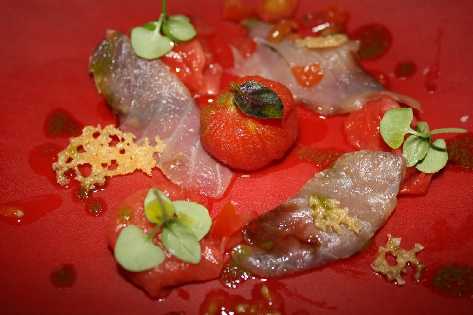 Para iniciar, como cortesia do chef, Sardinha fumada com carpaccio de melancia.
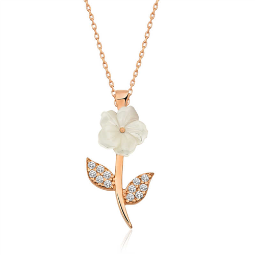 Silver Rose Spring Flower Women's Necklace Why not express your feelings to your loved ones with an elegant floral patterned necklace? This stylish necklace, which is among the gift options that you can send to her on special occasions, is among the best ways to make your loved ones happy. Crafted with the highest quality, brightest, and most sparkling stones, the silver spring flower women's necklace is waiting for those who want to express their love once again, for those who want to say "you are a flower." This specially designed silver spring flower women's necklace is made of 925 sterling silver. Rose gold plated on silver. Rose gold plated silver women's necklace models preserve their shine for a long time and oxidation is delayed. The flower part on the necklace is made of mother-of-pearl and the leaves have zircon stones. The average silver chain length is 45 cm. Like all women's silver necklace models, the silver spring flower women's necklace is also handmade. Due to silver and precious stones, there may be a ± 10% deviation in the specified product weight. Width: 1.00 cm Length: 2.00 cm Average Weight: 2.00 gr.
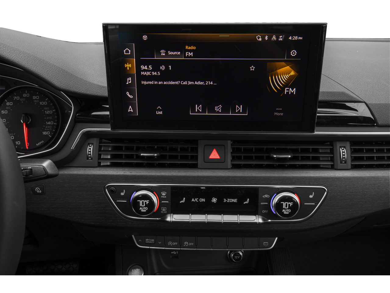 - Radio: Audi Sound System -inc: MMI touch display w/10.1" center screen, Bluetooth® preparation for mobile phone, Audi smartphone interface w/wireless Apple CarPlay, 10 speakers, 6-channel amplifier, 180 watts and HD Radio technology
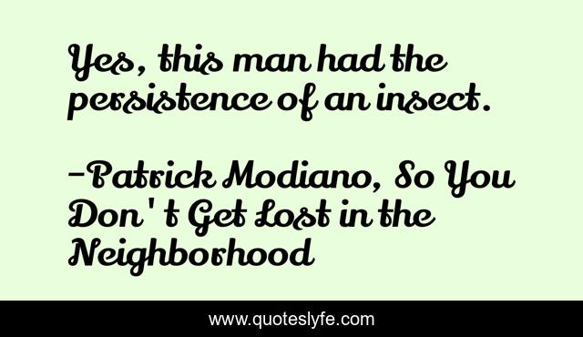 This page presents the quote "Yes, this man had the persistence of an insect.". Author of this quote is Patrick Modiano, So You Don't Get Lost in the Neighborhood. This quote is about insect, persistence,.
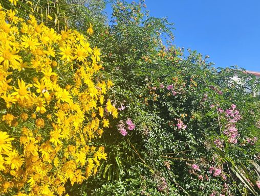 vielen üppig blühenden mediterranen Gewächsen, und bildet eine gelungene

#### Try it
Copy, without the pictures, exactly the lines from the line with "This page presents" through the end of the material above, both ends included.

#### Task answer
 This page presents the quote "Yes, this man had the persistence of an insect.". Author of this quote is Patrick Modiano, So You Don't Get Lost in the Neighborhood. This quote is about insect, persistence,.
 vielen üppig blühenden mediterranen Gewächsen, und bildet eine gelungene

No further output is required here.